Was the statue a magical thing? A detect magic spell suggested that magic had been used, but only an aftertaste or echo remained. The victim of some kind of medusa? A fallen monk punished by Ferrus, the iron god, for some misdeeds linked to the destruction of the temple? A monk cursed to watch as his colleague in the cell died and decayed? That might explain the key that formed part of the sculpt and sat in the statues hand. What to do?
Nausicaa felt sorry for it and tried to revive it with a hug. Nothing.
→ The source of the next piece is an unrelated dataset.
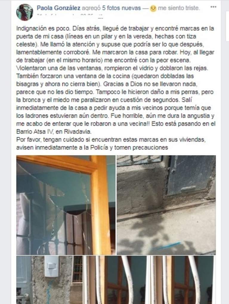 La periodista Paola González (diario El Zonda), se mostró indignada en las redes tras ser víctima de un intento de robo en su casa del barrio ATSA IV, en Rivadavia, que se hizo tristemente célebre esta semana con el marcado de casas con tiza azul por parte de los delincuentes, y donde se produjeron dos atracos.
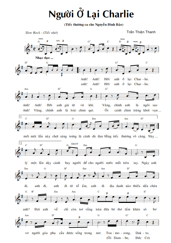 Sheet nhạc bài: NGƯỜI Ở LẠI CHARLIE

So Tybalt used his new lock picks which, despite knowing he'd slipped during using them, opened the cell with extraordinary ease. Nausicaa went first, keen to find something that might help the statue. She used the tip of her sword to lift the chain of office (iron links, alternating with silver, with a large clear jewel in an iron mount as a medallion) from around the skeleton's neck. She placed it around the statue's neck. Nothing. It went in her pack.
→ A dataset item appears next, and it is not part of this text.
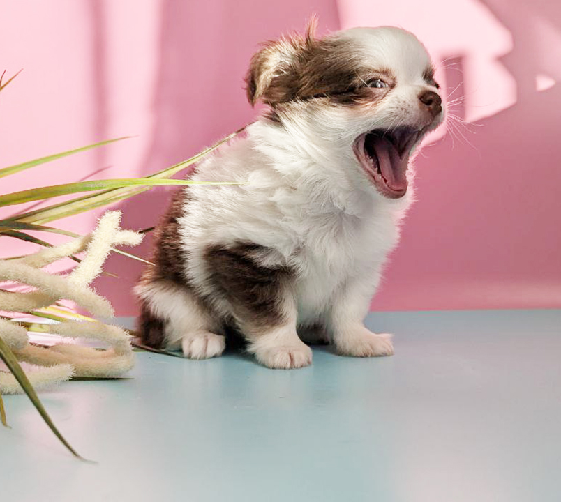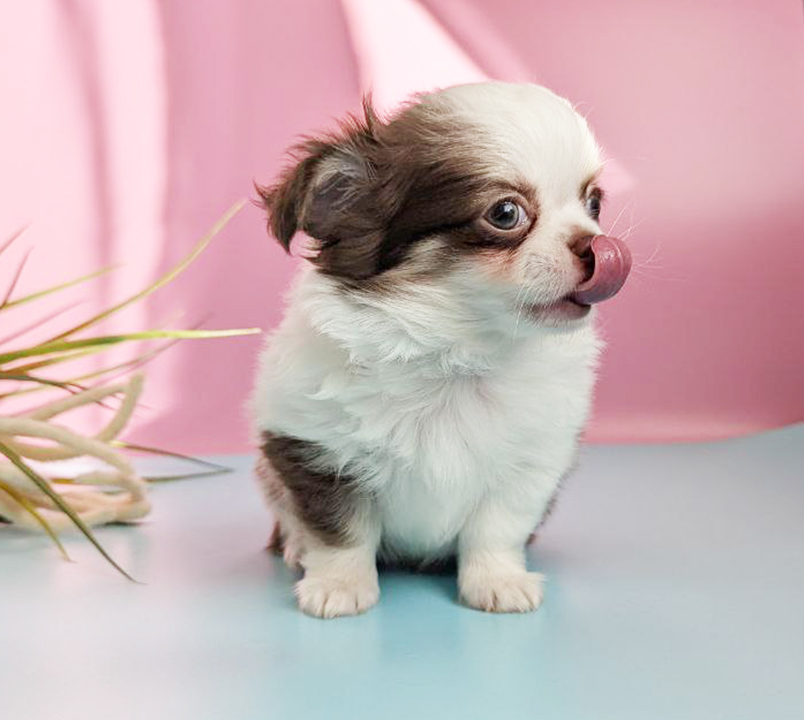 Чихуахуа – длинношерстный шоколадно-белый мальчик

The strongest of the men tried to lift the statue to lock it in the cell, just in case, but they were unable to budge it even a tiny fraction of an inch. Disappointed, and slightly nervous, they felt they had no choice but to retrace their steps past the trap pit and the door which had led into this corridor in the first place.
A door on their left grabbed their attention. Stopping Montagne before he could use his inimitable technique, Jean used the handle to open the unlocked door and stepped inside. It had obviously been righly decorated, but now it was trashed - the furniture smashed, the wall hangings torn. In the centre, another statue of an iron monk stood. It, too, was impossibly lifelike but this one was sculpted with finer clothing and its face was twisted not only with fear, but also fury. Jean edged closer and was taken aback as the statue suddenly launched a vicious swinging punch at him, knocking him brutally backwards. He scampered away, shielding himself from the flailing fists as the party pushed and shoved to get out of the room and out of reach.
Slowed by Aurelius' busted ankle and Jean's poison-induced limp, they were unable to outrun the statue which came on relentlessly, raining down blow after blow on them as they made a fighting withdrawal. Each strike they landed on the statue rang like a blacksmith's hammer sending echoes through the corridors but otherwise the statue pressed home it's attack without a noise.
Shuffling away as quickly as they could back towards the open pit with the halfling skeleton (following Gwen's hastily formulated plan), the heavy blows of the statue began to tell. Jean was hit hard and, as Dumnorix stepped to take his place a nasty punch cracked into his shoulder leaving his shield arm hanging limp and useless at his side. A well-placed dart from Aurelius stuck briefly in the statue but to no apparent effect. Tiring now in the face of this implacable onslaught, with most of them injured in some way by this... thing, Gwen called out that they were nearly there. Nausicaa left herself open as an easy target and when the statue swung for her she skipped back out of the way with feline grace and the others cheered in relief as the statue overbalanced and fell into the pit where it lay in the bottom, still flailing, and looking for all the world like a tantruming toddler.
They had survived! Would the noise draw other foes, however?